Federal Reserve Chairman Ben S. Bernanke this week acknowledged for the first time that a recession is possible in the U.S., the largest market for Asian exports. Economists expect a government report on Friday to show that the U.S. lost jobs for a third month in March.
----------------------------------Unemployment claims
Japan’s Nikkei 225 Stock Average fell 1.1 percent to 13,344.18, led by steelmakers, after Tokyo Steel Manufacturing Co. said it will stop exports. About half of Asia’s benchmarks fell on Friday. China, Hong Kong and Taiwan are shut for holidays.
U.S. stocks rose, helped by a rally in commodity producers and after Merrill Lynch & Co. assured investors it has enough capital to weather credit losses.
LG Display fell 1.6 percent to 46,250 won. Sony Corp., the world’s second-biggest maker of consumer electronics, dropped 2.1 percent to 4,260 yen. The company counts the U.S. as its largest single market.
Matsushita, the world’s largest maker of consumer electronics, fell 2.9 percent to 2,160 yen. The shares were cut to “underweight” from “equal-weight” at Morgan Stanley and lowered to “neutral” from “overweight” at HSBC Holdings Plc.
------------------------------------------Rating cuts
Toyota, Japan’s biggest automaker, fell 3.3 percent to 4,990 yen, while Honda Motor Co., the country’s No. 2 carmaker, slumped 4.4 percent to 2,945 yen. The two stocks were the biggest drags on MSCI’s Asian benchmark. Nissan Motor Co., the third-largest, dropped 4.3 percent to 852 yen.
Goldman Sachs cut its recommendation for Japan’s car industry to “cautious” from “neutral.” The brokerage joins Nomura Securities Co. and Morgan Stanley this week in reducing their outlooks for the industry, on speculation a slump in auto sales will continue.
Fuji Electric Holdings Co., a Japanese electric machinery maker, plunged 9.7 percent to 383 yen, the steepest decline on MSCI’s Asian benchmark. The stock was cut to “neutral” by Yoshiharu Izumi, an analyst at JPMorgan Chase & Co., who had held an “overweight” rating on the shares since March 2005.
Tokyo Steel, Japan’s biggest maker of steel girders, lost 2.5 percent to 1,420 yen. The company said it stopped exports because a strengthening yen and record raw material prices eroded profitability on overseas sales.
---------------------------------------Record corn, rice
A measure of steelmakers on the Topix index dropped 3.5 percent, the second-largest decline among the benchmark’s 33 industry groups.

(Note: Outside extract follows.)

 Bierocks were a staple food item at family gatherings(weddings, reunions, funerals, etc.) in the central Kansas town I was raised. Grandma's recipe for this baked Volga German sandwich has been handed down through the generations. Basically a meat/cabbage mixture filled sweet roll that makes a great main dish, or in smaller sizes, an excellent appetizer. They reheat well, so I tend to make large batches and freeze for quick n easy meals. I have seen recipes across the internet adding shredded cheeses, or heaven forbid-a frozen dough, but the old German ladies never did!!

Nippon Steel Corp., the world’s second-biggest steelmaker, fell 4.2 percent to 520 yen, while JFE Holdings Inc., the third-largest, lost 4.2 percent to 4,570 yen.
Declines were capped after copper and gold prices rose for a second day in New York. BHP Billiton Ltd., the world’s largest mining company, added 1.3 percent to A$38.60 in Sydney, its highest close since March 7. Newcrest Mining Ltd., Asia’s largest gold producer by market value, increased 0.5 percent to A$33.60.
Meanwhile, the cost of corn and rice advanced to records, leading gains among agricultural commodities, on speculation global demand will outstrip supply.
AWB Ltd., Australia’s largest wheat exporter, added 2.2 percent to A$2.76. Wilmar International Ltd., the biggest vegetable oil supplier to China, advanced 1.6 percent to S$4.39 in Singapore.